SpiritsandNature - 2022-07-05

thank you for the knowledge, easy to listen to :D

Saarang Sahasrabudhe - 2021-04-15

Moral of the video: "We shouldn't take things for granite, Morty".

AtarahDerek - 2021-04-16

But seriously, did anyone actually think of plate tectonics as mainly destructive rather than constructive?

Diane Wallace - 2021-04-15

We can't take granite for granted.

horrorkesh - 2021-04-15

that's assuming that other alien species couldn't have evolved to use different elements to sustain themselves

jeremy scungio - 2021-04-14

I took geology this semester and plate tectonics is the most interesting topic

Jeff Miller - 2021-04-15

I loved our field trip to see the San Andreas fault! I still enjoy the topics decades later.

Angel Marin - 2021-04-15

It's the most moving subject in the field. /s

Robert Ibey - 2021-04-15

I'm taking a geotectonics course right now! Geology is awesome

Mekayla Sullivan - 2021-04-15

@Roberto Morales oh no I got a 97 on the exam... would’ve helped my friend in the class tho she didn’t really get this stuff

Tony Texas - 2021-04-16

Geology was my favorite class, first time i tried coke was right before a presentation. 2014 was a good year

Tom F - 2021-04-15

Without volcanoes Earth would still be a giant ice ball.

Danaric - 2021-04-15

Plot twist; Plankton created earthquakes as an attempt to get the Krabby Patty formula :^)
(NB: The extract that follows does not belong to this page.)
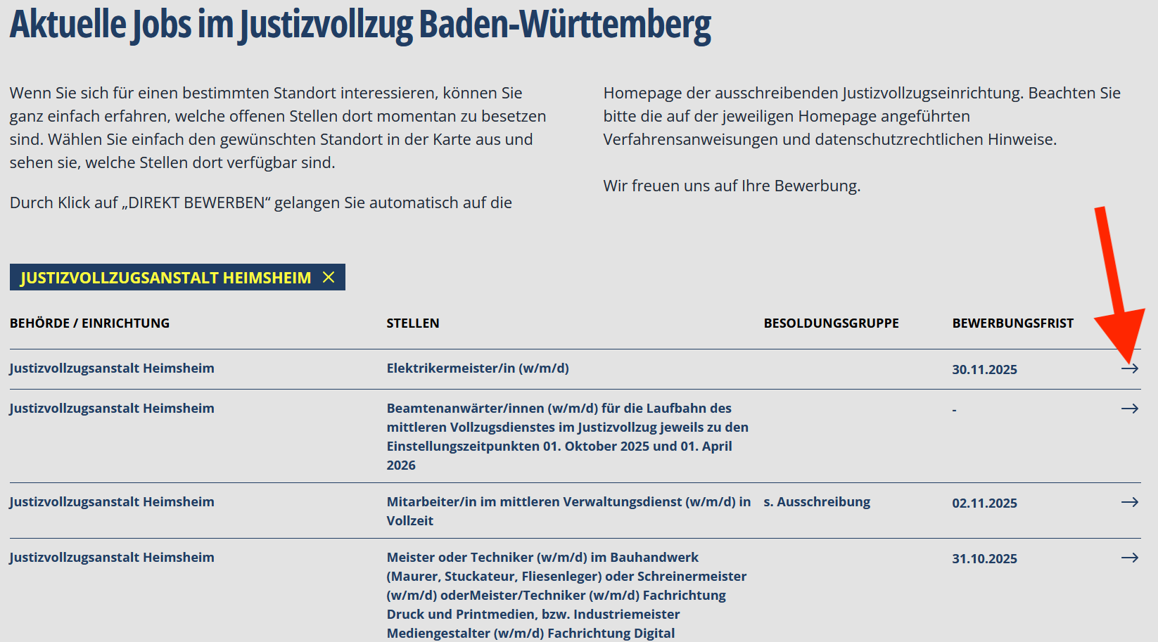 Bei jedem Stellen-Angebot finden sie rechts einen Pfeil.

Async Revengance - 2021-04-15

Touching the granite countertops and going "earth rocks..." rn

sagacious03 - 2021-04-16

Neat video! Thanks for uploading!

Hate Speaker Sargon Of akkad - 2021-04-26

Our planet seems very special indeed.

mosquitobight - 2021-04-15

there should be a crash Course Geology series

Þomato22 - 2021-04-15

Nickelodeon once had this awful series called "thundermans" and there's a special that forms it's story entirely off the subversion of this logic.

Minny Mouse - 2021-04-14

So rust is. A sign of life or plate tectonics activity .
SO what if we find a planet made of rust . .

magnvss - 2021-04-16

Pandemic-guy makes SciShow on his pajamas; working from home has its advantages.

replica - 2021-04-16

(rising levels of sea water gives tidal forces more grip - more geothermal friction/geothermal activity)

onometre - 2021-04-14

There must be a nearly unlimited ad budget for that album...

Lucas Hapsburg - 2021-04-15

Imagine if we change oumuamua direction to hit mars or another planet... To see what happens

Arlene Katz - 2021-04-16

Perfectly wonderful. Cant wait to get back to AMNH Hall of Planet Earth. All the cycles, plate tectonics and our stromatolites pumping out oxygen. Thank you!